Other targets (mobile, additional enclave technologies) are tractable for the same reason RISC Zero was: the evaluator’s surface to its host is narrow enough to port.
3. Runtime wrappers
A .muflo and an evaluator are not a deployable application. Something has
to take messages off a network socket (or out of a browser event), hand them
to the evaluator, take the result back out, and put it on the wire. That
something is a runtime wrapper.
A wrapper is a thin TypeScript layer that:
- Hosts an instance of the evaluator (native or WASM).
- Loads one or more
.mufloartifacts (the “packets” in that ADAPT node). - Speaks the ADAPT messaging protocol to other nodes via a message broker.
- Persists packet state and the transaction log to backup storage, when the host environment supports encrypted persistence.
The wrappers ADAPT ships today — native, enclave, and browser — exist because those are the environments customers asked for first. They are not the architecture; they are convenience packaging on top of it. If you need ADAPT inside an environment we have not pre-packaged for, you write a wrapper. The evaluator surface is small enough that this is a tractable project, not a fork.
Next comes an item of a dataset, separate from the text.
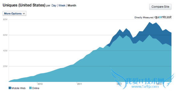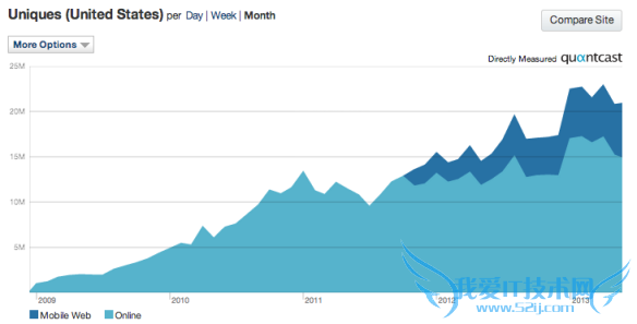 Tumblr是排名前20的网站,他们的复合年增长率为130%,月复合增长率为7%。可以看出,这样一个取得了巨大成功的网站,他们的流量增长也是稳步提高的,而非一夜之间迎来大量新用户。

Where developers and integrators meet
Two audiences read these docs.
Developers write MUFL. They install the toolchain, build .muflo
artifacts from MUFL sources, and test them. Their day starts at
Set up your toolchain and ends at a
compiled .muflo plus the JavaScript glue that exercises it.
Integrators ship products that embed someone else’s .muflo. They do
not need the MUFL compiler. They install
@adapt-toolkit/sdk
from npm, bundle the .muflo as a static asset, and call the SDK from
their application code. Their day starts at
Embed .muflo in your app.
The two audiences share the same artifact. A developer’s .muflo is the
integrator’s input. The boundary between them is the file, not the
toolchain.
What is not the architecture
A few things that read like “ADAPT” but are not load-bearing parts of the design:
- Docker. Earlier releases distributed the toolchain as a Docker image
(
adaptframework/mufl). That was packaging convenience for a closed beta, never the architecture. The toolchain is now distributed as prebuilt compiler binaries and an npm package; Docker is no longer required for development. - The JavaScript SDK. It is the most polished wrapper today, but it is one wrapper. The evaluator does not depend on Node.js, V8, or JavaScript.
- Any specific message broker, storage backend, or network topology. The protocol is defined; the components that implement it are swappable.
If you keep the three layers — language, evaluator, wrappers — clear in your head, every other doc on this site reads more cleanly. Whatever you are trying to do, you are doing it at one of those layers.